_Exercise instructions_
Exact copy, no pictures: return only the lines below from the line with "Each Wren bedside" up to and including the line with "ピロティという広場で授業をし".

_Provided entries_
□ □ □

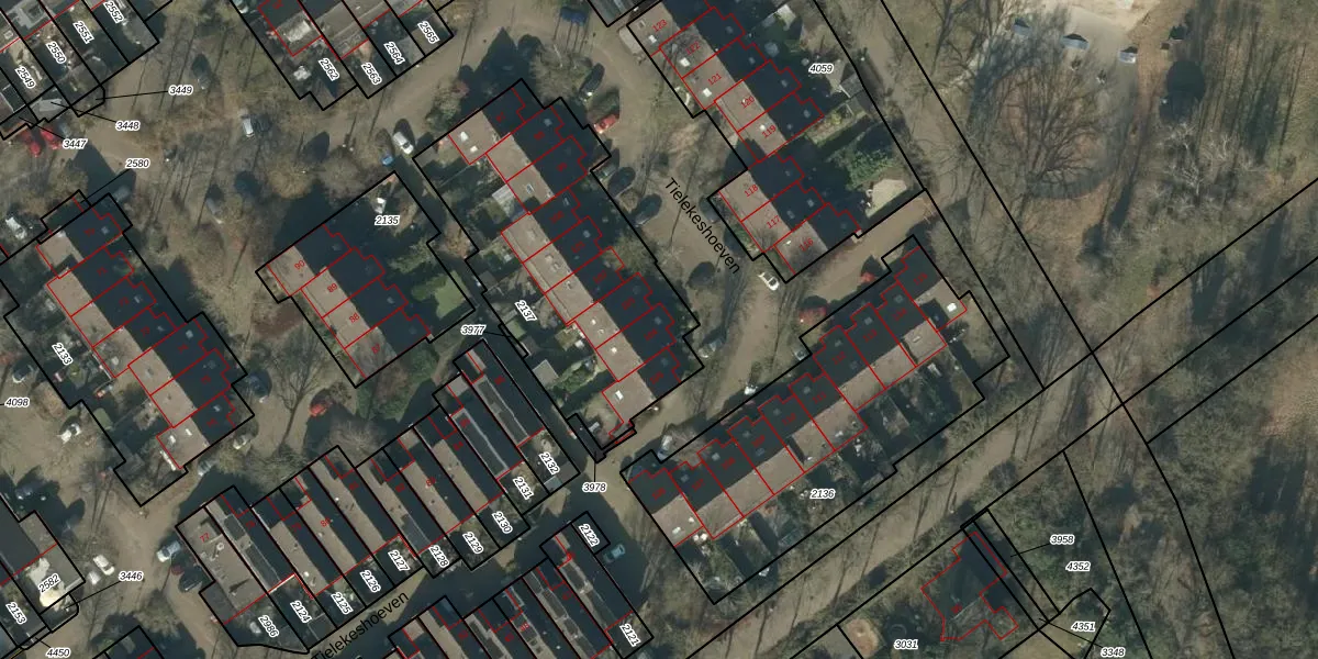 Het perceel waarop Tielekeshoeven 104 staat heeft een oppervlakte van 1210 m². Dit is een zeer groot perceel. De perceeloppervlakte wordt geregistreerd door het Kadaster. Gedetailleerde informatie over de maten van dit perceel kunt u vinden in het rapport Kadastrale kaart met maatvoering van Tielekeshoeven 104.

□ □ □

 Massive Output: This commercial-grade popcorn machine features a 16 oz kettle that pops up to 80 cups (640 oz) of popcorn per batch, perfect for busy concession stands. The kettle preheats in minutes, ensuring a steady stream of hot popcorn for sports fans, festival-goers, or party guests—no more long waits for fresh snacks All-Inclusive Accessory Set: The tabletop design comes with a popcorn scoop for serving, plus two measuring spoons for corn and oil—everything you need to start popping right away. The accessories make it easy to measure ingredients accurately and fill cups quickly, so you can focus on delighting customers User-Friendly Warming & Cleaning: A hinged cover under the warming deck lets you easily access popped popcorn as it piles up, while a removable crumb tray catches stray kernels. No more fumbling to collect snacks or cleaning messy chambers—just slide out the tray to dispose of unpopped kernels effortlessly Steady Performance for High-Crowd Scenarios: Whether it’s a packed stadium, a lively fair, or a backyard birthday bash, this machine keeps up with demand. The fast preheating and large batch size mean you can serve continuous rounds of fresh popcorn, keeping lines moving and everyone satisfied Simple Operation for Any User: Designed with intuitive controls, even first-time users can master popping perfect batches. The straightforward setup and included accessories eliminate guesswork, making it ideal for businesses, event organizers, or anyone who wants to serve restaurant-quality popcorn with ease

□ □ □

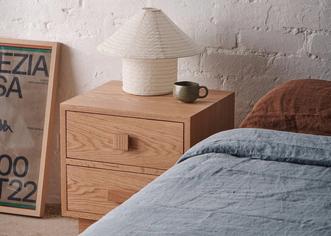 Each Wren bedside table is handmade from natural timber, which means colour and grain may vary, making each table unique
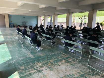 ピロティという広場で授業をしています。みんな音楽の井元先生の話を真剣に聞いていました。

□ □ □

_Written response_
 Each Wren bedside table is handmade from natural timber, which means colour and grain may vary, making each table unique
 ピロティという広場で授業をしています。みんな音楽の井元先生の話を真剣に聞いていました。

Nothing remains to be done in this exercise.